In the 1980s, the Canadian government organized federal and provincial trade missions to the Gulf kingdom. The 1984 document explains that the Canadian business sector played a significant role in the development of this pro-Saudi policy: “Ongoing consultations by trade officials with businessmen have ensured that private sector views have also been incorporated [into Canadian policy]. Given this concentration of effort and dedication of purpose, there is every reason to expect that Canada’s share of the Saudi market can be significantly expanded.”

During that decade, major Canadian investors in Saudi Arabia included Bell Canada Limited, Mitel, and Northern Telecom, while many other Canadian companies were active in the following industries: agriculture, aviation, electrical equipment, electronics, mineral development, petroleum, and telecommunications.

The export development plan notes that such investments had already made Saudi Arabia into Canada’s largest trading partner in West Asia. The External Affairs authors assert that “[it] should remain so for a considerable period of time given the unexploited potential of the marketplace” and the Saudi regime’s friendly relationship with the West.

By 2021, two-way trade between Canada and Saudi Arabia had reached $4.6 billion. Current Canadian companies with large infrastructure investment in Saudi Arabia include SNC-Lavalin and Bombardier.

Canada’s support for the Saudi-led war of aggression on Yemen is very much about the regional spread of a Western-oriented capitalism, and the securing of a favourable position for Canadian companies.
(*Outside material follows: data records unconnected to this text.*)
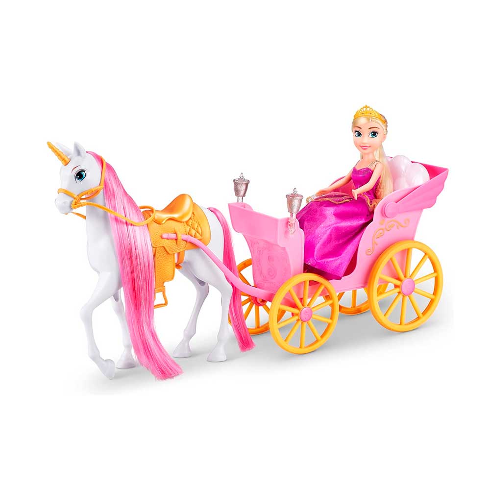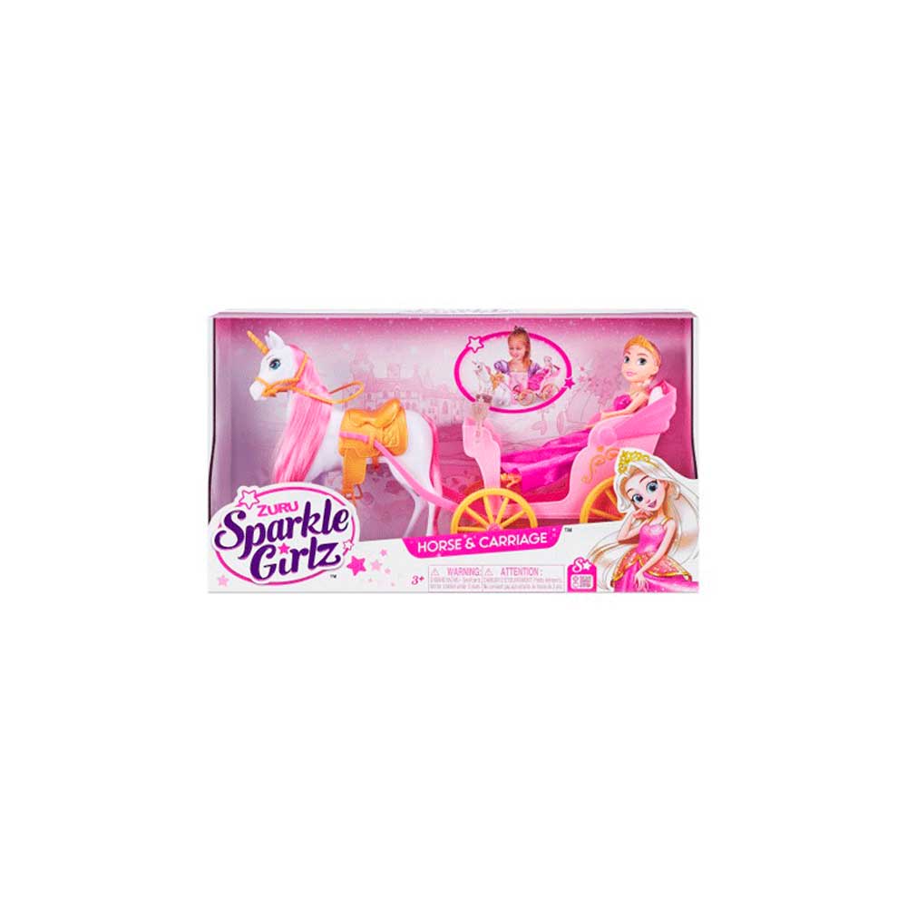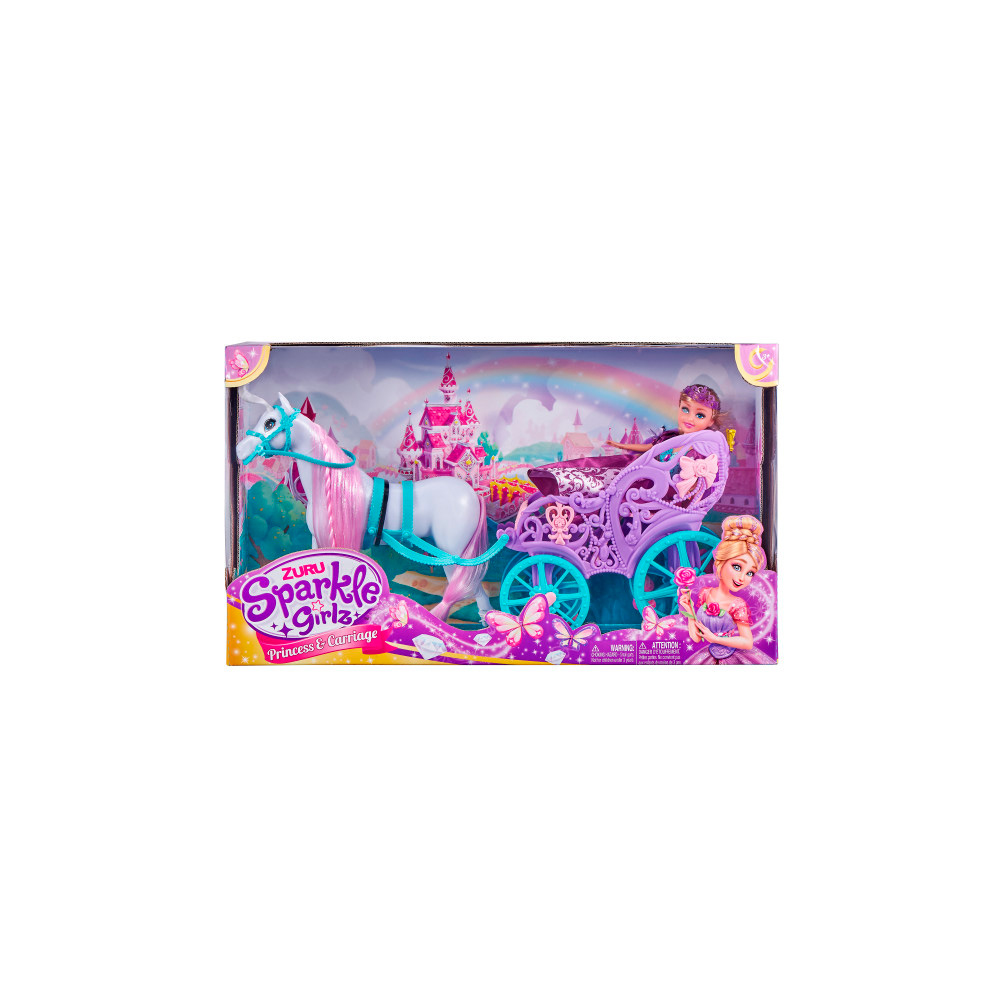 ZURU Sparkle Girlz Princess with Horse & Carriage позволяет вам отправиться в волшебный мир Sparkle Girlz! Посадите принцессу в карету и пусть ее королевский конь впереди. Эта кукла-принцесса поставляется с красивым нарядом принцессы, чтобы она могла сидеть прямо и сиять, отправляясь в путешествие. Ее королевская лошадь украшена жемчугом и имеет длинные блестящие волосы, с которыми можно играть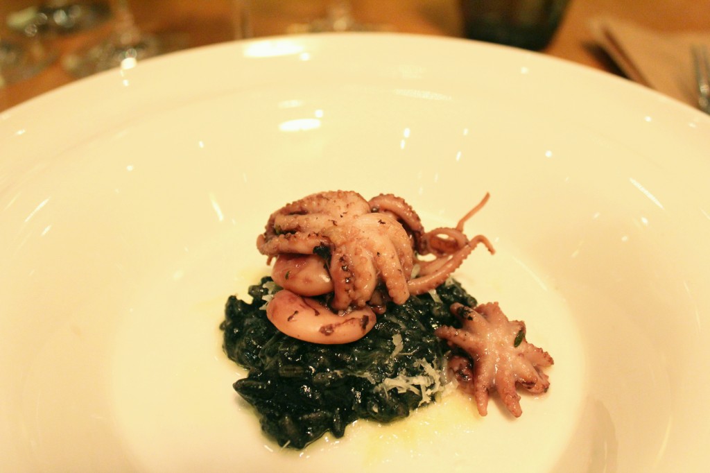 Tämän huippukokemuksen jälkeen jännitti. Juna puksutti Pohjois-Italiaan, ja kuola alkoi valua. Ajattelin ihania pohjoisitalialaisia liharuokia, patoja, tuhteja risottoja. Konduktöörimme laulukin vihjaisi, että tiedossa on riisiruokaa. Odotin häränhännän jatkoksi jotain tuhtia ja kermaista. Yllätyin, kun ruokasaliin leijailikin merellinen tuoksu. Vuorossa oli ruokalaji, joka jakoi seurueemme mielipiteet jyrkästi kahtia: mustekalaa musteella maustetun risoton kanssa.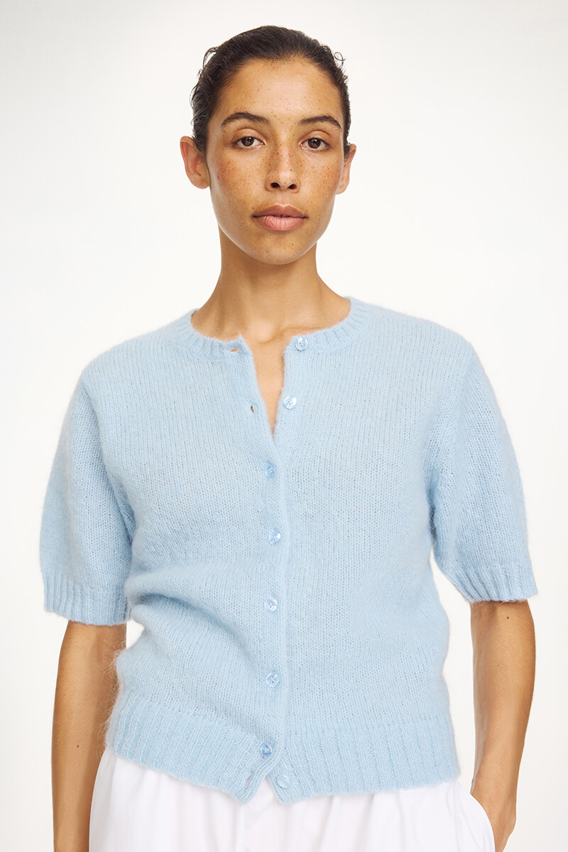 Den mjuka mohairblandningen ger en lätt och luftig känsla samtidigt som den värmer lagom mycket. Den tidlösa designen med kort ärm, rund halsringning och ribbade avslut gör den enkel att matcha över toppar, T-shirts och klänningar för en avslappnat chic look.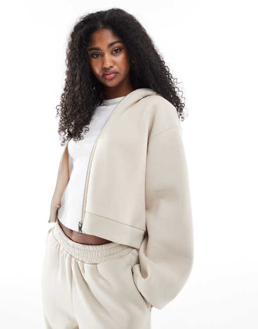 Sudadera color avena extragrande con capucha y cremallera de Miss Selfridge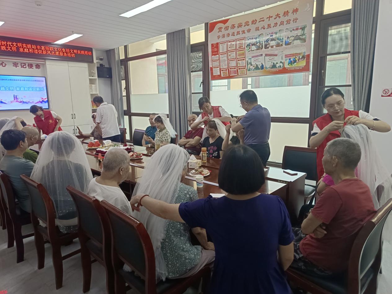 随后志愿者组织大家用相机定格甜蜜幸福瞬间,工作人员为阿姨们戴上头纱,拿着代表爱情的玫瑰花,看着叔叔阿姨脸上露出甜蜜的笑容,让在场居民感受到了他们平凡生活中透露出的和谐幸福,现场气氛十分热烈。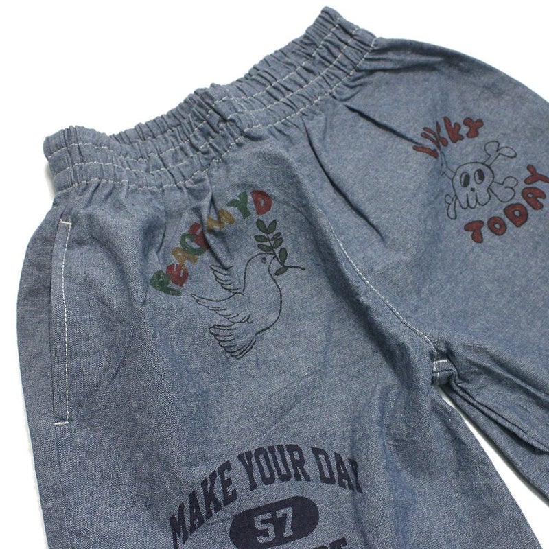 5. [メイクユアデイ] ラクガキプリントワイドパンツ サックス(SS)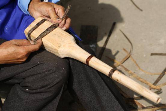 制作蘆笙大的工序有12道,再細(xì)一點(diǎn)有幾十項(xiàng)。如第一道是到山上去選竹子,拿尺子慢慢比劃,三拳的有多長,要很細(xì)心地選,確實(shí)可以用。取下來之后,第二道工序是拿到河邊去洗,用紗布搓。因?yàn)橹窆苡泻芏喟唿c(diǎn),關(guān)節(jié)處有很多毛,要很細(xì)致的把那些東西全搓掉。弄好之后用太陽曬,曬干曬白。第三道工序,就是取杉樹的木頭做笙斗,計(jì)劃好做三拳的是多少公分,四拳是多少公分。十二道工序,后面越學(xué)越復(fù)雜,每一道工序都很講究。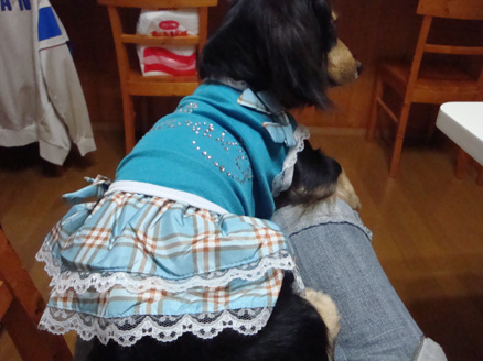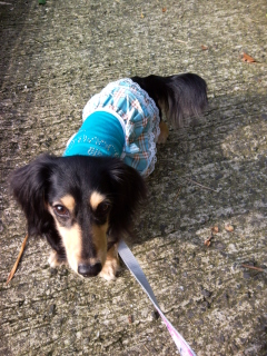 今日は、夕方からやっと晴れました~久しぶりにお散歩~今日はおねえちゃんと一緒に無理やり着せられた今日は、との子ですから・・・途中、トイプーちゃんに出会って・・・テンション低いとのでした・・・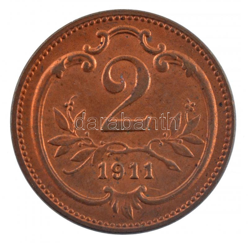 Ausztria 1911. 2h bronz műanyag kapszulában T:1- patina Austria 1911. 2 Heller bronze in plastic capsule C:AU patina Krause KM#2801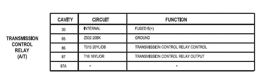 Transmission Control System Relay: Diagrams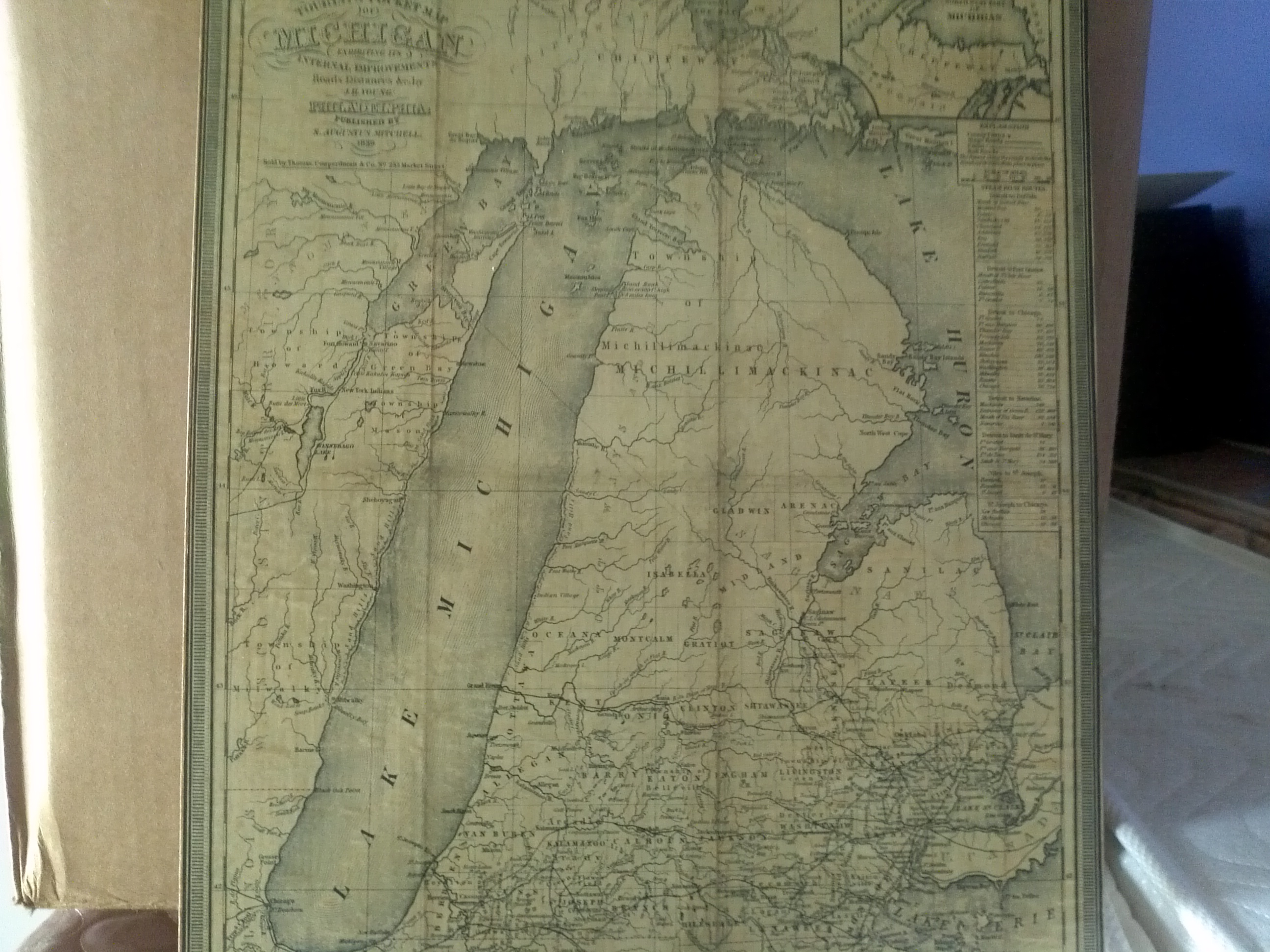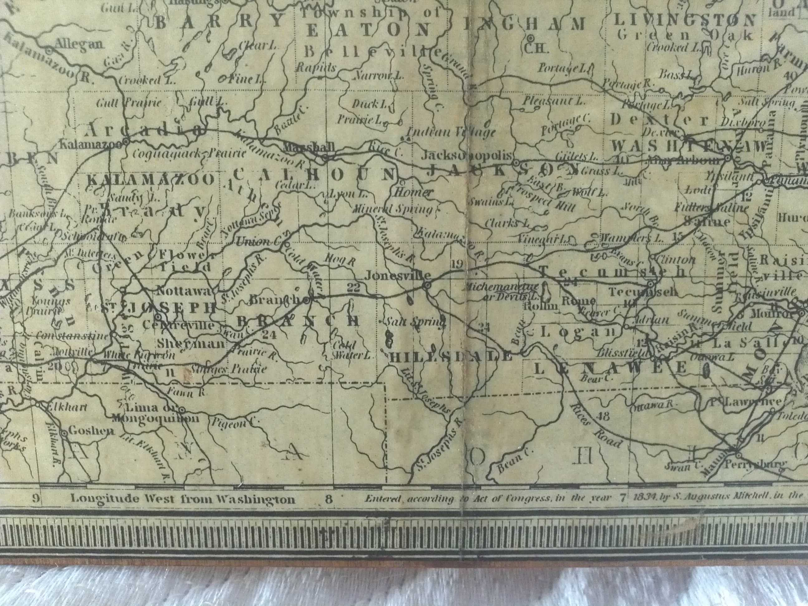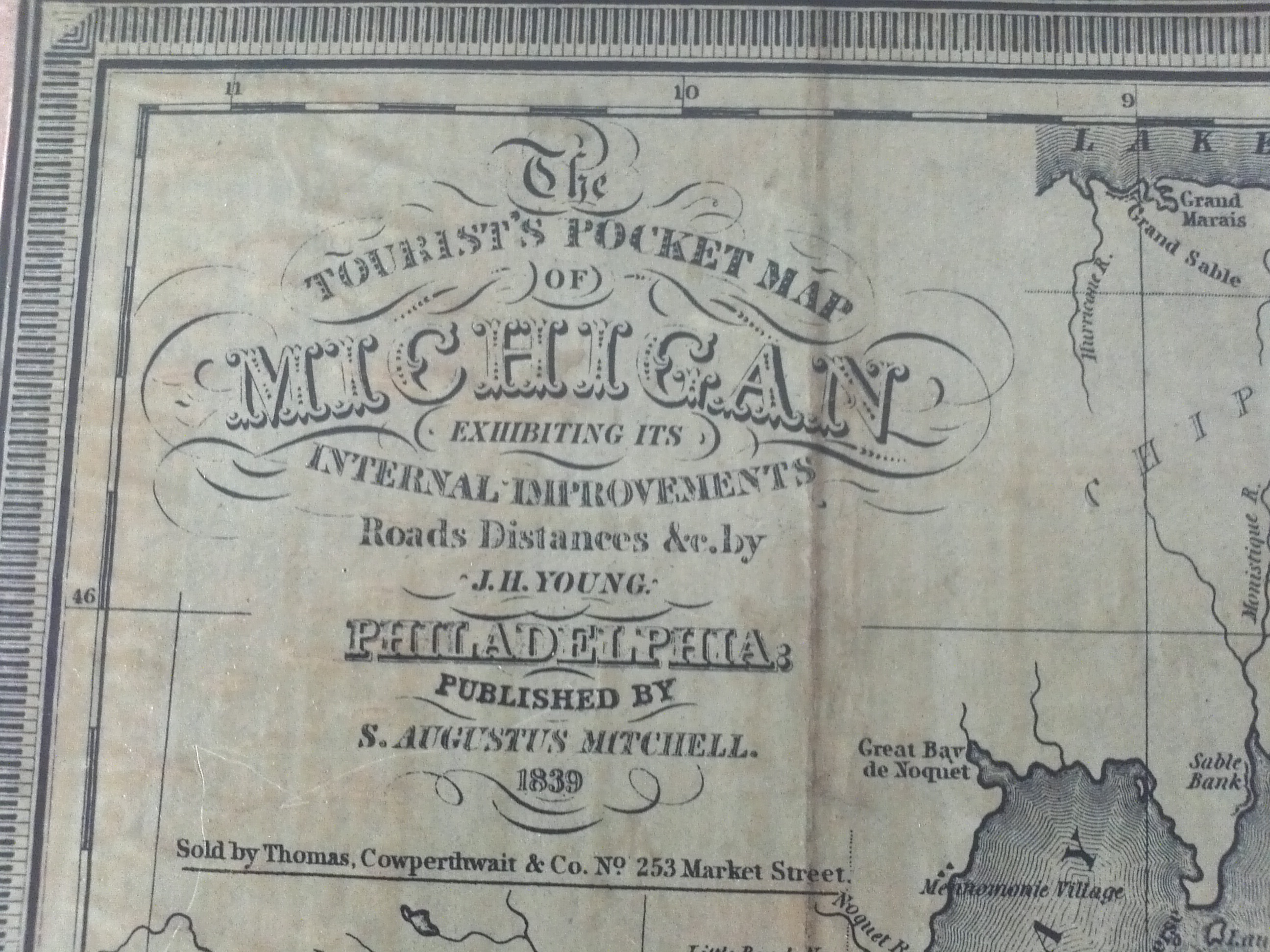 Dated 1839. Tourist pocket map of Michigan published by S. Augustus Mitchell. Sold by Thomas, Cowperthwait & Co. No 253 Market street. On the bottom of the map it says Entered according to Act of Congress in the year 1834 by S. Augustus Mitchell in the clerks office of the district court of the eastern district of Pennsylvania.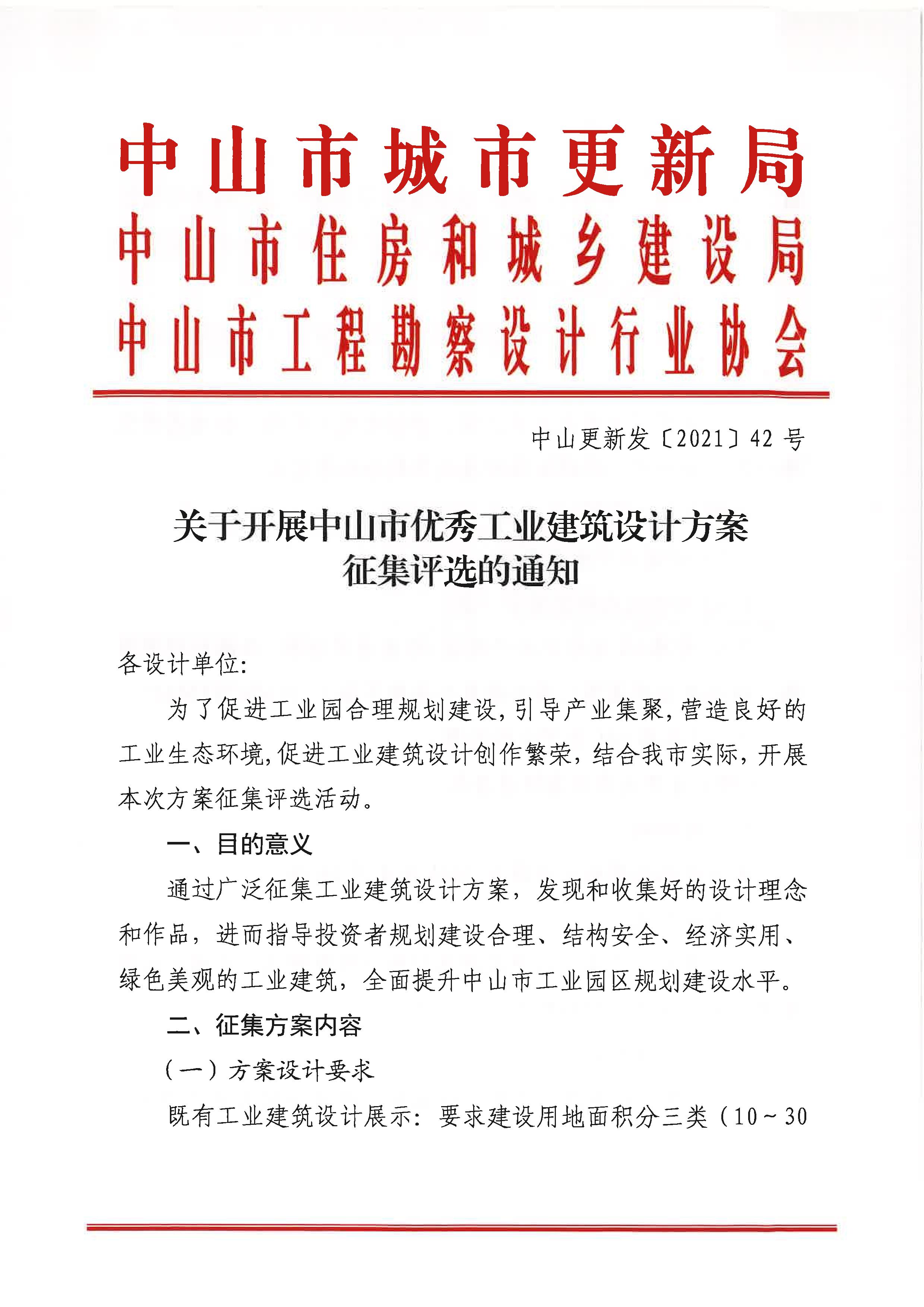 關于開展中山市優(yōu)秀工業(yè)建筑設計方案征集評選的通知

It is not primarily about the Saudi regime’s security concerns, but the expansion of markets into Yemen, a terrain that has historically proven resilient in terms of outside subjugation.

As Isa Blumi outlines in Destroying Yemen: What Chaos in Arabia Tells Us about the World, the war represents “a continued foreign effort to subordinate Yemenis, long defiantly independent from the globalization trends infesting the larger world.”

Summarizing Blumi’s argument, Inderjeet Parmar writes:

Yemen is both agent and victim of modernization, globalization, and neoliberalism, not to mention unbridled military aggression by Saudi Arabia and the United Arab Emirates, and their Anglo-American suppliers and sponsors. Their purpose and goal is, primarily through market and military forces… to transform Yemen into another cog in capitalist, global, financial and military-strategic systems. Yemen is only legible if it services the needs of regional and global powers. Yemen does not make sense unless it is integrated.


Canadian foreign policy in West Asia has historically sought to empower regional actors who support this Western-oriented capitalist integration while targeting those who offer alternative modes of social, economic, and political organization. This is the context in which we need to view Canada’s seemingly blind support for the Saudi regime and virulent opposition to its enemies.

It is not bureaucratic inertia that prevents Ottawa from revising its relationship with the Saudis into one that respects human rights and the aspirations of oppressed peoples within and outside the country. As the document obtained by The Breach demonstrates, Canada’s support for Saudi Arabia is rooted in the logic of the Canadian state itself, which views the expansion of markets as its raison d’être in foreign policy regardless of the devastation it causes.